UK Government Investments holds a 62.4% of RBS shares after the 2008 bailout and subsequent disposals.
Mr McEwan told the broadcaster: “We are assuming 1-1.5% growth for next year but if we get a bad Brexit then that could be zero or negative and that would affect our profitability and our share price.”
He added that the bank was becoming more cautious with its lending - and large companies were delaying investment decisions.
He said: “Big businesses are pausing, they are saying that in six months time I’ll have another look at the UK and I might come back, but if it’s really bad I’ll invest elsewhere - that’s the reality of where we are today.”

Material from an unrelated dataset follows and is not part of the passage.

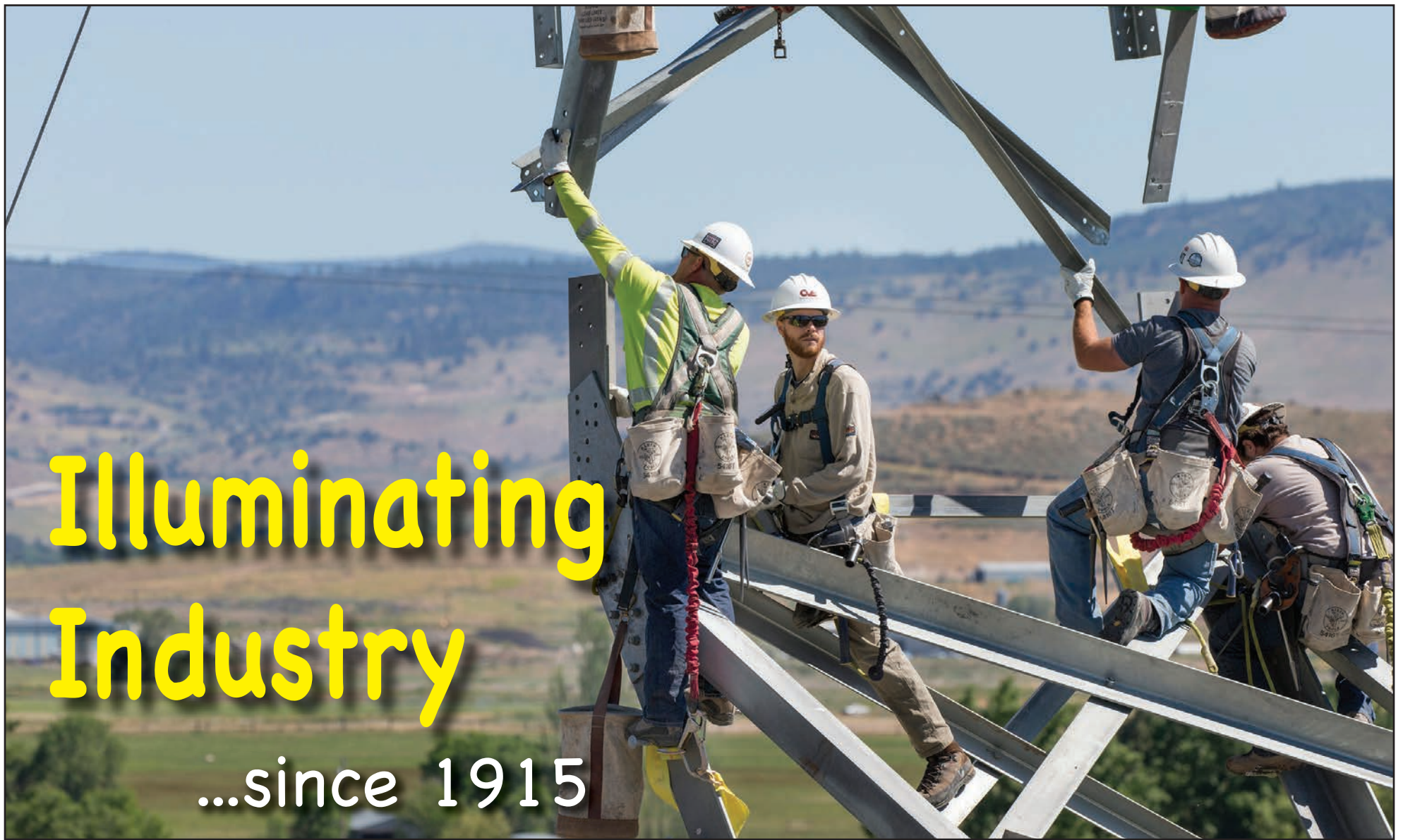
Cache Valley Electric employees work on the Snow Goose Substation near Klamath Falls, Oregon.

Last month, the potential consequences of a no-deal Brexit were spelled out by Bank of England governor Mark Carney at a special meeting of the Cabinet when he warned ministers of a 35% crash in house prices over three years in a worst-case scenario.
Speaking in Dublin after the meeting, Mr Carney said the Bank had used its “stress test” to ensure UK banks could continue to function in the event of a “disorderly” Brexit.
“The Bank of England is well prepared for whatever path the economy takes, including a wide range of potential Brexit outcomes,” he said.